My feelings tell me something. But first I have to know what a feeling actually is — and what it isn’t.

Because most of what people call feelings aren’t feelings at all. They are thoughts. Narratives. Judgements. Dressed up in the language of emotion, but pointing outward rather than inward — toward other people, toward situations, toward conclusions about who we are.

A feeling is something else entirely.

What a feeling is

A feeling is an internal state. It lives in the body before it has words. It arrives before interpretation, before explanation, before the mind has had a chance to make sense of what happened.

Happy. Sad. Angry. Fearful. Bad. Surprised. Disgusted.

These are the families feelings belong to. One or two words. Something happening in the body right now — not a conclusion about what someone else did.

I feel sad is a feeling. I feel like she doesn’t care is a thought about another person. I feel like I’m a failure is a judgement about myself. Both are trying to say something real — but neither is a feeling. The actual feeling is underneath, still unnamed.

What feelings are not

The clearest sign that something is a thought rather than a feeling is the phrase I feel like or I feel that — followed by a sentence.

I feel like nobody listens to me.
I feel that this situation is unfair.
I feel like I’m always the one who gives more.
I feel like I don’t belong here.

These are conclusions. Verdicts. Narratives about the world or about ourselves. They point outward — or inward toward an identity — rather than to the actual feeling that produced them.

That feeling is real. It is still there, underneath the conclusion. But it hasn’t been named yet. It has been bypassed in favour of an explanation.

Why this matters

A named feeling is information. It tells me something specific about my inner system — about a need that isn’t being met, a value that was touched, a boundary that was crossed, a truth that is asking to be heard.

A thought dressed as a feeling tells me something about my conclusions. About who I think is at fault, or who I think I am. It keeps me at the surface — in the story — rather than taking me to where the signal actually lives.

This is not a small distinction. The whole point of reading feelings is to get to the information underneath. And you can’t get there if you stop at the narrative.

The thought as a starting point

None of this means the thought is useless.

I feel like she doesn’t respect me is pointing toward something real. Something was touched. Something registered. The thought is the outside of the feeling — it shows the direction, signals that something matters here.

But it stops at the door.

The question that goes through it is: what am I actually feeling, right now, in my body, underneath this thought?

Hurt. Shame. Anger. Longing. Something with a name that belongs to me, not to the situation.

And then: what does this feeling tell me about my values, my needs, my boundaries?

That second question is what this entire category is built around. Not the thought. Not the narrative. The feeling — and what it is pointing to in me.

How to find the feeling

Slow down. Come back to the body. Ask what is actually present — not what happened, not who is to blame, not what it means about you.

What is here, physically, right now? A tightening. A heaviness. A heat. An ache. A sudden lightness.

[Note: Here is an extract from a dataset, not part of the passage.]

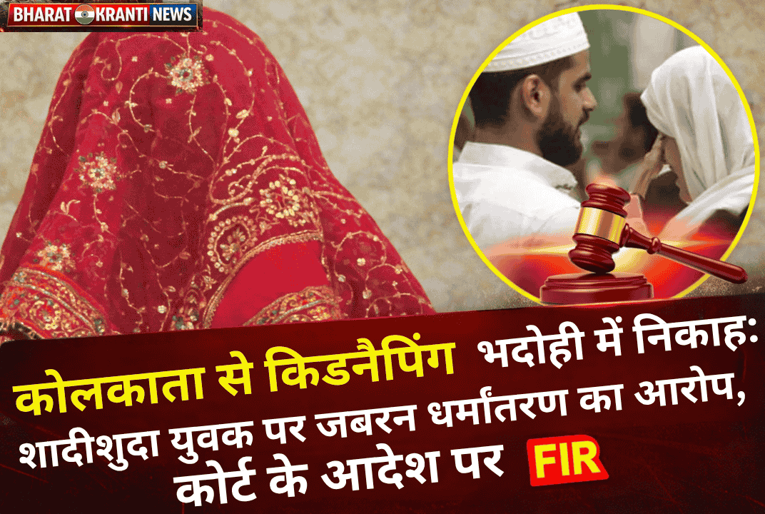 कोलकाता से किडनैपिंग, भदोही में निकाह: पहले से शादीशुदा युवक पर छात्रा के जबरन धर्मांतरण का आरोप, कोर्ट के आदेश पर साजिशी परिवार पर FIR 🚨 भदोही | भारत क्रांति न्यूज़ ब्यूरो कोलकाता की एक छात्रा के कथित अपहरण, जबरन धर्मांतरण और निकाह कराने के गंभीर आरोपों के मामले में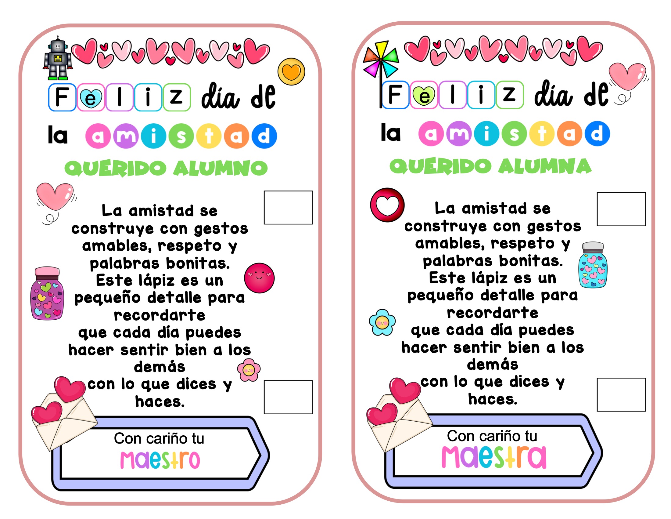 Estas tarjetas son perfectas para entregar junto a un lápiz en el Día del Amor y la Amistad. Se pueden usar como actividad de tutoría, detalle sorpresa en clase o como cierre de una dinámica sobre convivencia, empatía y respeto. También es ideal para fomentar un clima positivo y reforzar la educación emocional de forma sencilla.

Then name it. Not the situation. The feeling.

Sad. Afraid. Ashamed. Angry. Relieved. Lonely. Grateful.

Reflection question

Think of something you said recently that started with I feel like. What was the actual feeling underneath it — and what might that feeling have been telling you?

Closing

My feelings tell me something. But only if I let them be feelings first — not thoughts, not conclusions, not stories about other people or verdicts about myself.

The feeling is in the body. It arrives before the explanation. And it is pointing somewhere specific — toward something in me that is worth paying attention to.